To assist researchers and breeders to better understand and use these genomic datasets from Brassica species, many Brassica databases have been built. For genomic studies in Brassica, useful Brassica databases are necessary to integrate or visualize these bulk datasets to assist the research and breeding work of related users. These databases include the Brassica database BRAD (http://brassicadb.org), Brassica.info (http://www.brassica.info/), BrassEnsembl (http://www.brassica.info/BrassEnsembl/index.html), BrassicaDB (http://brassica.nbi.ac.uk/BrassicaDB/), CropStoreDB (http://www.cropstoredb.org/), and BolBase (http://www.ocri-genomics.org/bolbase/index.html). Each of these databases has a different emphasis, Brassica.info serves as a platform to integrate genomic resources and release news of projects or activities on Brassica studies, and it also provides downloading services for some genomic data. BrassEnsembl visualizes different sets of Brassica genomic data under a single frame. CropStoreDB provides a practical approach to managing crop genetic data, while BolBase focuses on genomic structure comparisons in the genome of Brassica oleracea. Among them, BRAD is the database that aims at building a bridge between the genomes of Arabidopsis thaliana and those of the Brassica species (Cheng et al. 2011), transferring the research information of genomic studies and the bulk gene functional studies from the model species A. thaliana to the newly sequenced Brassica species.

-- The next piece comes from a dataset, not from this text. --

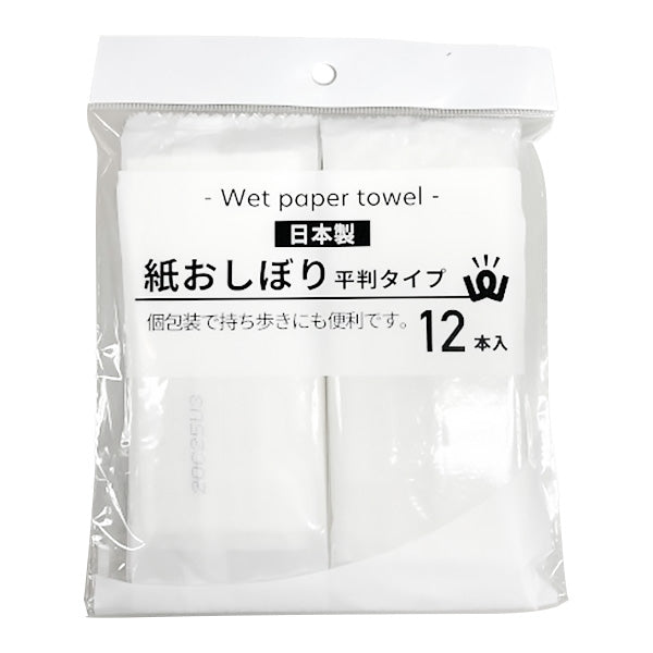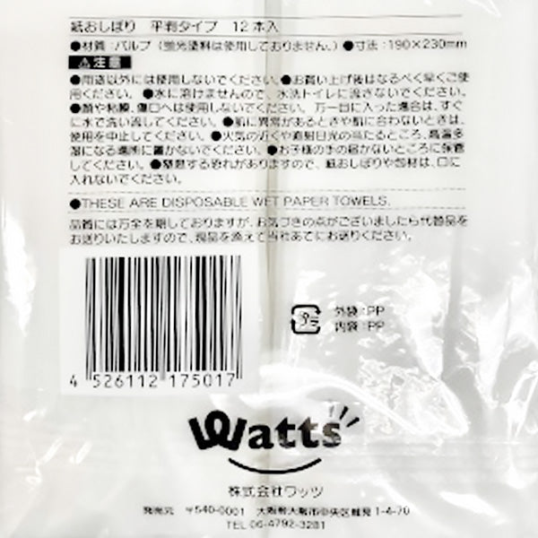 こちらはワッツが自信を持ってオススメするPB(プライベートブランド)でシンプルなホワイトの紙おしぼり、平判タイプ、12本セットです。

In this chapter, we will focus on BRAD and present an overview of the major functions of this Brassica database, especially the most important and useful aspect of BRAD—the multiple genomes and gene synteny analyses among Brassica and other Brassicaceae species, such as A. thaliana. The introduction of BRAD here aims at informing users about what kind of data can be retrieved from the Brassica databases, and what kind of analysis can be performed using them. Initially, the BRAD database was built for the community to release and share bulk Brassica rapa genomic data. With continuous updating and research progress, BRAD evolved into an important repository for whole genome scale genomic data from all Brassica species and relative species in Brassicaceae. It now provides datasets of 12 genomes, such as the Brassica A, C, and AC genomes (Wang et al. 2011a; Liu et al. 2014), as well as other Brassicaceae species A. thaliana, Arabidopsis lyrata, Schrenkiella parvula, Thellungiella halophila, Thellungiella salsuginea, Aethionema arabicum, Capsella rubella, Leavenworthia alabamica, and Sisymbrium irio (Initiative 2000; Dassanayake et al. 2011; Hu et al. 2011; Wu et al. 2012; Haudry et al. 2013; Slotte et al. 2013; Yang et al. 2013), including their de novo assembled genome sequences and predicted gene models, associated annotations (InterPro, KEGG2, and SwissProt) and syntenic relationships. BRAD was also designed as an initial access point for other Brassica web pages and resources.

As shown by the navigation menu on the top of the homepage, there are five sections in BRAD (Fig. 14.1): Browse, Search, Tools, Downloading, and Links. The first three are the major sections, with “Browse” providing marker information for genetic maps and listing genes of important families. The “Search” section provides search functions for users to retrieve information on their interested genes, including the annotations, coding sequences, syntenic gene relationships, which is an important function of BRAD. The “Tools” section provides BLAST services, GBrowse, and its syntenic module to visualize genomic datasets. The last two sections are smaller, with “Downloading” providing accessions for bulk dataset downloads from BRAD, and “Links”, which offers websites of other Brassica related databases. Generally, based on the information or function affiliation, the contents of these five sections can be separated into four parts: (1) orthologous genes; (2) genomic visualization; (3) molecular tools; and (4) featured data browsing. Below is an introduction to the four grouped tools in BRAD.

Fig. 14.1
figure 1

Homepage and the navigation of BRAD. Five sections shown as the five navigation menus at the top of the website (red box): Browse, Search, Tools, Download, and Links

14.2 Orthologous Genes Among Brassicas and Other Brassicaceae Species

Syntenic and nonsyntenic genes are useful, especially for predicting genes in newly-sequenced genomes. BRAD helps users to share gene information from the well-studied model plant A. thaliana and apply it to new genomes.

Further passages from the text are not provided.